Fusarium head blight (FHB) caused by Fusarium species, is among the most devastating wheat diseases, causing losses in numerous sectors of the grain industry through yield and quality reduction, and the accumulation of poisonous mycotoxins. A germplasm collection of spring and winter wheat, including nine reference cultivars, was tested for Type II FHB resistance and deoxynivalenol (DON) content. Genetic diversity was evaluated on the basis of Simple Sequence Repeat (SSR) markers linked to FHB resistance quantitative trait loci (QTLs) and Diversity Arrays Technology (DArT) markers. The allele size of the SSR markers linked to FHB resistance QTLs from known resistance sources was compared to a germplasm collection to determine the presence of these QTLs and to identify potentially novel sources of resistance.
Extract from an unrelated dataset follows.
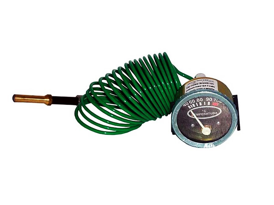 Relógio de temperatura com formato redondo, equipado com cabo de 4 metros, indicado para monitoramento de temperatura entre 40 e 100 graus Celsius. Compatível com veículos comerciais das famílias Mercedes 321 e 1111 USA BR 4118. O instrumento oferece leitura precisa e confiável para controle térmico em sistemas automotivos.

Forty-two accessions were identified as resistant or moderately resistant to Fusarium spread, and two also had very low DON concentrations. Genetic relationships among wheat accessions were generally consistent with their geographic distribution and pedigree. SSR analysis revealed that several resistant accessions carried up to four of the tested QTLs. Resistant and moderately resistant lines without any known QTLs are considered to be novel sources of resistance that could be used for further genetic studies.